§ **Your assignment**
Without any pictures, retype exactly the lines that begin at the one holding "部分に判を押した ら完成です。 |" and end at the last line of the data below.
*** Available data Section Begins ***
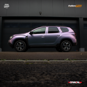 Unsere Geschichte beginnt mit einer Kundin, die noch vor Weihnachten einen großen Wunsch hatte: ihrem Dacia ein fren Wunsch hatte: ihrem Dacia ein fr\u00fisches, modernes Erscheinungsbild zu verleihen. Schwarz war ihr einfach zu schlicht. Die Wahl fiel auf die Oracal 970-316MRA | Amethyst matt (Rapid Air) – eine Folie, die nicht nur durch ihre elegante Fliederfarbe überzeugt, sondern auch an die sanften Farben der Toskana erinnert. Ein echter Hingucker!
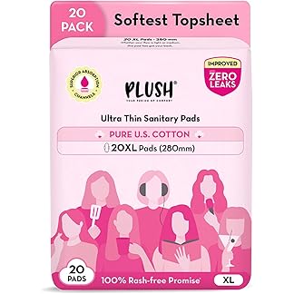 Plush Ultra-Thin Extra Large Sanitary Napkins for Women, 20 Pcs | For Light-Medium Flow | 100% Rash-Free | Pure U.S. Cotton XL Sanitary Pads | No Fragrance | No Toxic-Chemicals
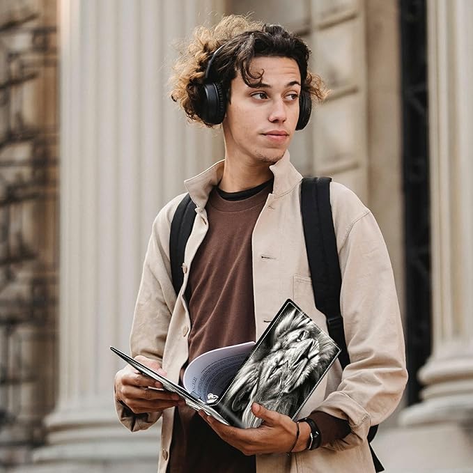 Lion PU Leather Padfolio Clipboard Notepad with Pen Loop and Elastic Strap Interview/Resume Document Organizer for Business School Office
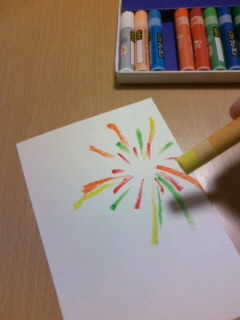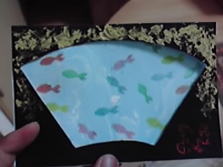 | 筆ペンと顔彩を もちいて着彩する。 消しゴムに自分 の名前の頭文字 を彫り判子とし、 画面上の好きな 部分に判を押した ら完成です。 |
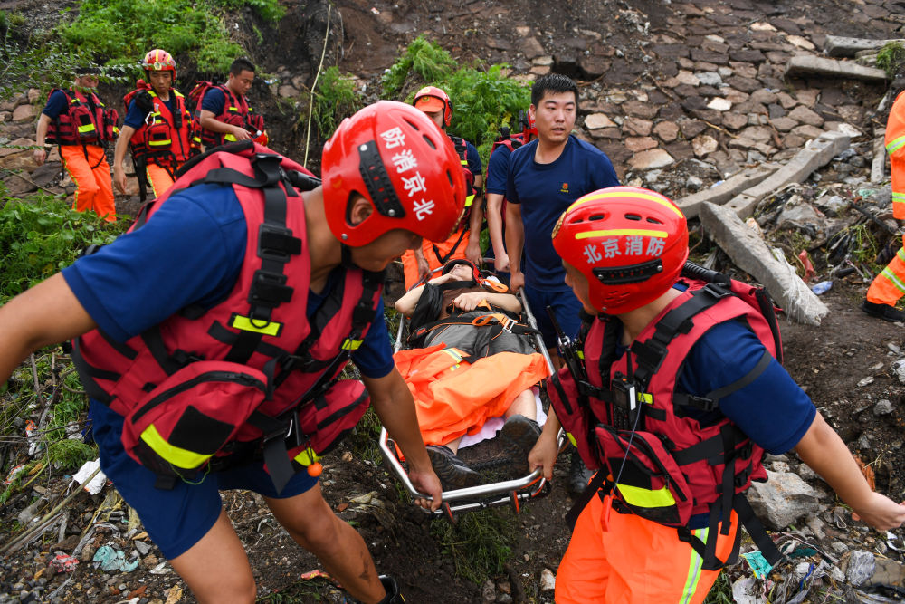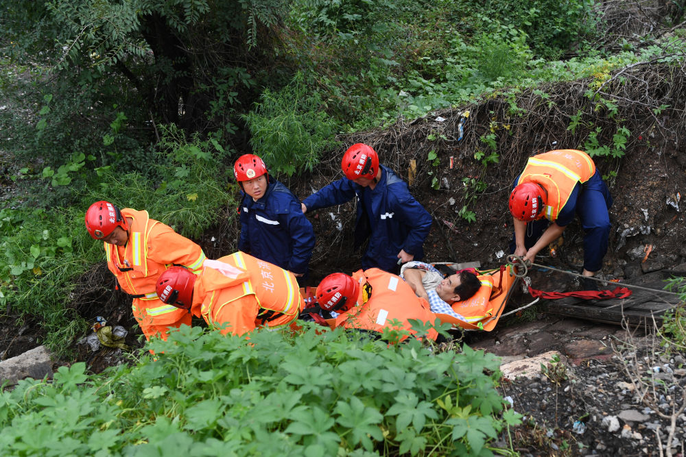 8月1日,在北京市門頭溝區(qū)水峪嘴村,北京門頭溝區(qū)消防救援支隊(duì)的消防員在轉(zhuǎn)運(yùn)一名受傷村民。新華社記者 鞠煥宗 攝
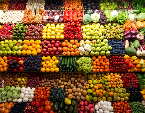 Vibrant overhead shot of colorful fresh produce arranged in wooden crates at a farmer's market, showcasing a variety of fruits and vegetables in a healthy and appetizing display.
*** Available data Section Ends ***
§ **Result of the exercise**
 | 筆ペンと顔彩を もちいて着彩する。 消しゴムに自分 の名前の頭文字 を彫り判子とし、 画面上の好きな 部分に判を押した ら完成です。 |
 8月1日,在北京市門頭溝區(qū)水峪嘴村,北京門頭溝區(qū)消防救援支隊(duì)的消防員在轉(zhuǎn)運(yùn)一名受傷村民。新華社記者 鞠煥宗 攝
 Vibrant overhead shot of colorful fresh produce arranged in wooden crates at a farmer's market, showcasing a variety of fruits and vegetables in a healthy and appetizing display.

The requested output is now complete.